Two potent examples do not a trend make of course. But there are other hints that these are not isolated. In the noise of endless survey data, it appears that the emerging generation of twenty- and thirty-somethings (the Millennials) are simultaneously less trusting of the world around them and more upbeat about their future. According to a recent Pew survey of nearly 2000 in this age cohort, this group is more optimistic about the future than their Boomer parents were in the 1970s. A significant majority believes that the economic future is bright. Yet they are also distrustful of other people and believe that government guarantees such as Social Security are unlikely to be there for them when they reach retirement.
These attitudes are manifest in TED and Upworthy.

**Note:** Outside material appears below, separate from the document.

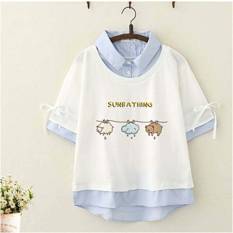 シアースリーブ ドッキングシャツ ボウタイシャツブラウス
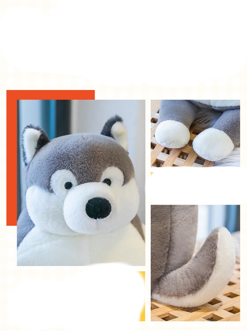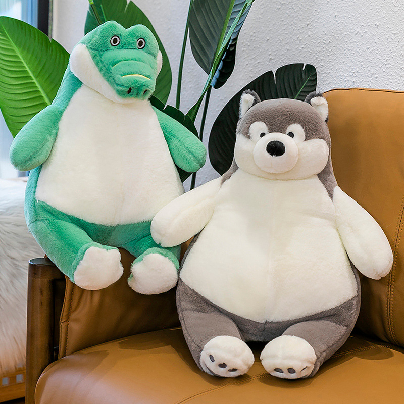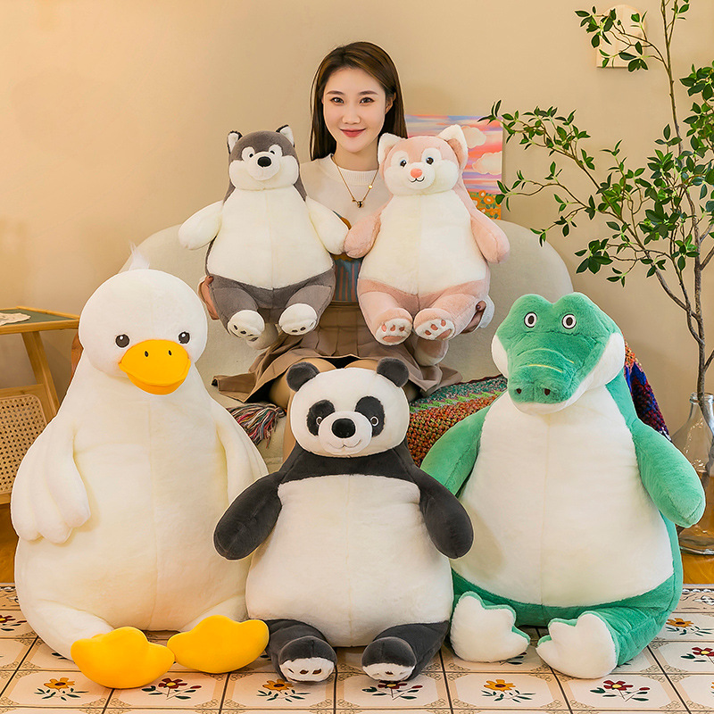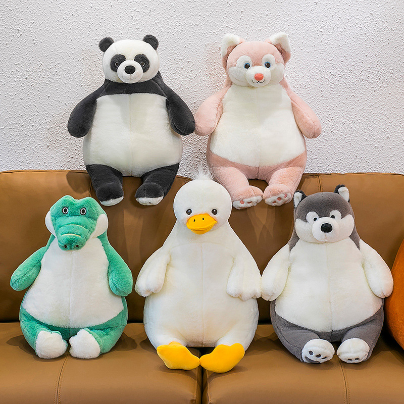 Color: white goose, green crocodile, black panda, gray husky, pink fox.

It may, of course, be true that these pockets of optimism are just elite bubbles that belie that challenges of the many. But then what? Are we left with the black swan hunting of Wall Street today, and the grim cynicism of Washington? What future can be possibly be constructed from those communities of despair?
About six months ago, I was at a conference in Detroit. It’s hard to imagine a more benighted city. It is as desolate in places as any slum in the world, bleeding population, unable to even replace the bulbs in streetlights. Detroit, in short, has failed as city. But there are still hundreds of thousands of people there, and the hundreds of the conference exuded not despair but determination. Inertia and inaction had a certain outcome: collapse. Even with creativity and passion and the dedication of business such as Quicken Loans and Twitter and young entrepreneurs taking advantage of cheap housing and office space, collapse is a distinct possibility. Absent those efforts, however, it is a certainty. The optimism evident there was anything but rose-tinted. It was born of awareness that it was the only possible way forward.

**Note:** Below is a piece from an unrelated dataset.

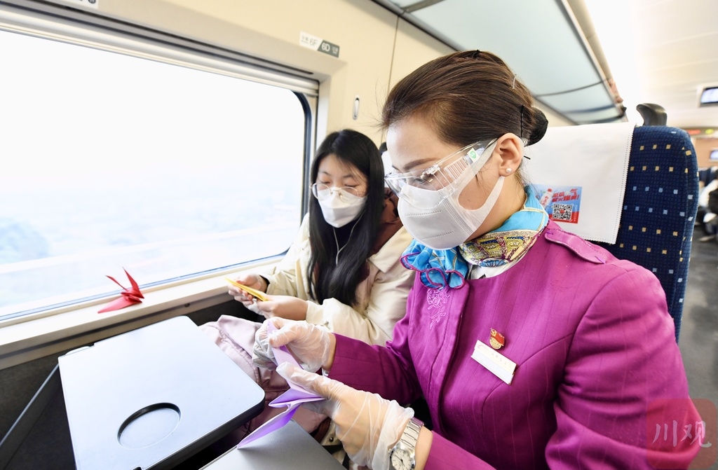 成都客运段东线动车队工作人员与旅客开展“世界问候日”互动。

TED represents passionate solutions to problems. At one of the more compelling presentations, Hugh Herr discussed his work on bionics, the next generation of prostheses. Herr has been innovating in this area for decades, after he lost his own legs in a mountain climbing accident. He and his team recently spent 200 days constructing a bionic limb that allows a woman who lost her leg in the Boston marathon bombing to continue her career as a dancer. As the end of his talk, he brought her on stage where she performed briefly with her partner. It was profoundly moving to see.
Given a choice between the numbing cynicism and pessimism that greets us daily and that animates so many of us, I’ll take the relentless optimism – excesses and all – Hugh Herr and bionic innovation that makes it possible for a woman to dance again any day, any time.